Mortgage Rates Fall to Two Year Low

Washington DC, November 30, 2007--Interest rates appear to be headed lower in light of comments made by Federal Reserve Chairman Ben Bernanke on Thursday.

And that should help keep mortgage interest rates at their lowest level in more than two years and perhaps help to turn the housing market, which is expected to remain weak until well into next year.

Bernanke hinted that another interest rate cut may be needed to bolster the economy. The worsening credit crunch, a deepening housing slump and rising energy prices probably will create some “headwinds for the consumer in the months ahead,” he said.

Bernanke said he expects consumer spending will continue to grow and suggested the country can withstand the current problems without falling into a recession.
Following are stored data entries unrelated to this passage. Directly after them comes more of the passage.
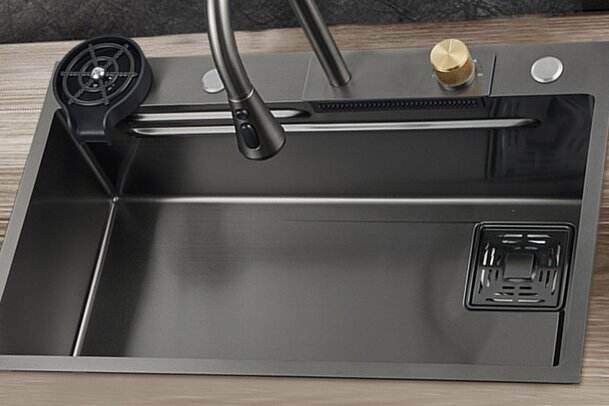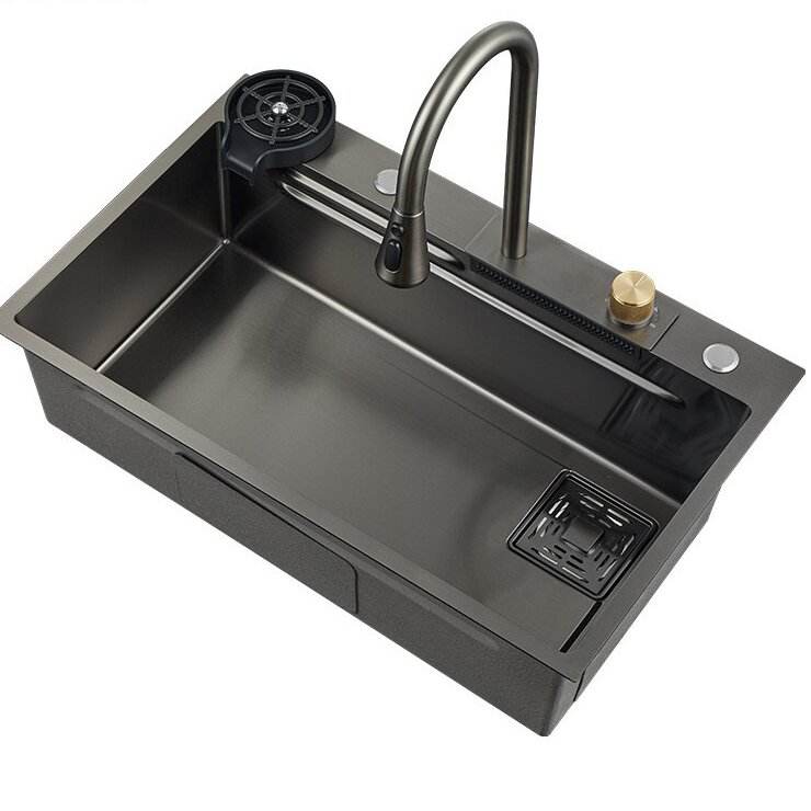 Fregadero de Cocina Nano Track, Fregadero Individual Grande de Acero Inoxidable, con Función Integrada de Lavado, Corte y Drenaje
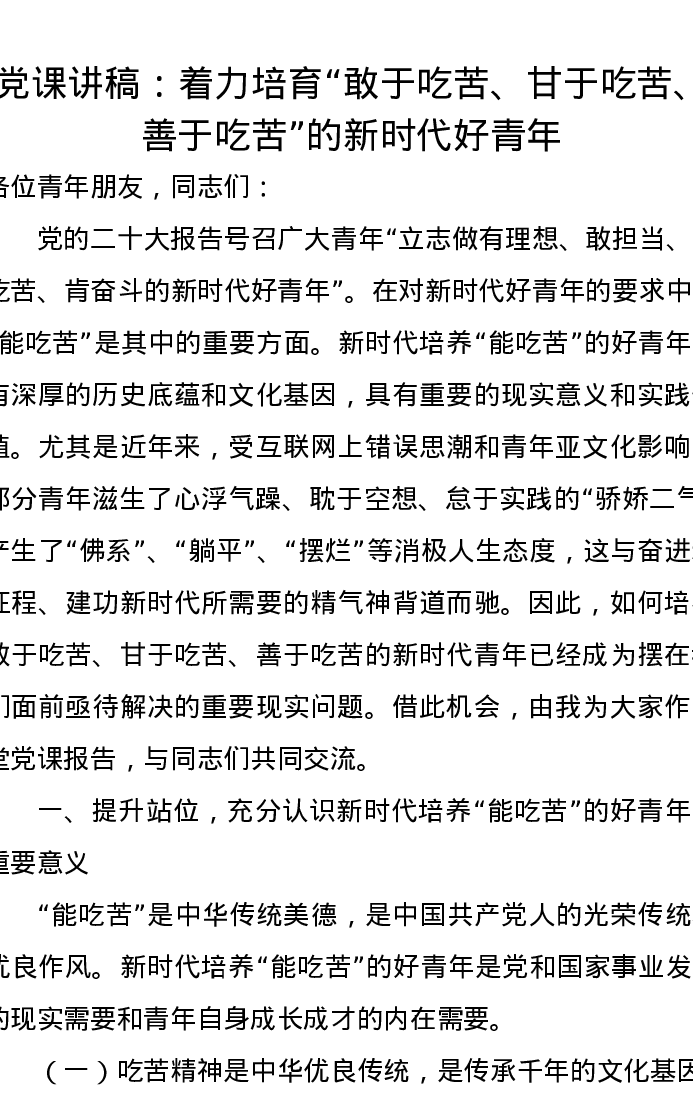 党课讲稿:着力培育“敢于吃苦、甘于吃苦、善于吃苦”的新时代好青年
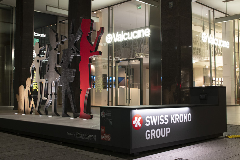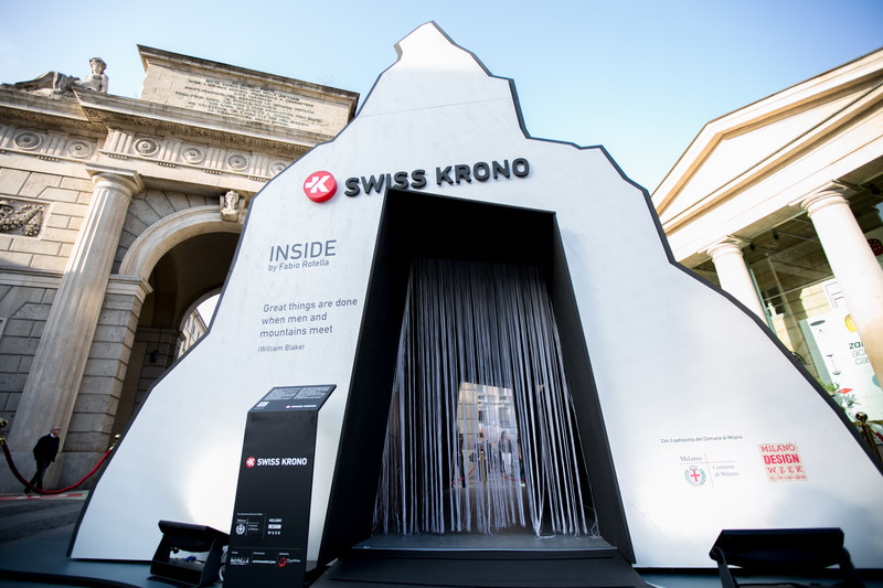 2018年米兰展期间,SWISS KRONO瑞士卢森板材以高度创新的材料SWISSCDF与全新的CamuStyle TX和CamuStyle ZX纹理相结合制作的作品INSIDE在第XXV阿普雷广场-Brera Design District展出。
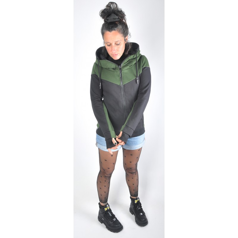 Dessuadora amb cremallera, coll alt, caputxa, butxaques i a les mànigues té
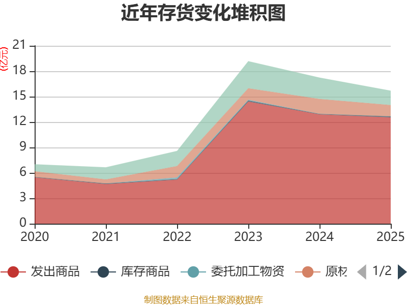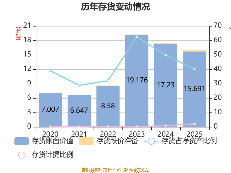 从存货变动来看,截至2025年末,公司存货账面价值为15.69亿元,占净资产的40.05%,较上年末减少1.54亿元。其中,存货跌价准备为3379.34万元,计提比例为2.11%。

But he indicated that consumers could turn more cautious as they try to cope with all the financial factors.

Freddie Mac, the mortgage company, reported Thursday that 30-year, fixed-rate mortgages averaged 6.10%. That was down from 6.2% last week and was the lowest rate since the week of Oct. 13. 2005, when rates stood at 6.03%.

Rates on 15-year fixed-rate mortgages, a popular choice for refinancing, slid to 5.73%, from 5.83% last week. This week's rate hasn't been lower since the week ending Jan. 26, 2006, when 15-year rates averaged 5.7%.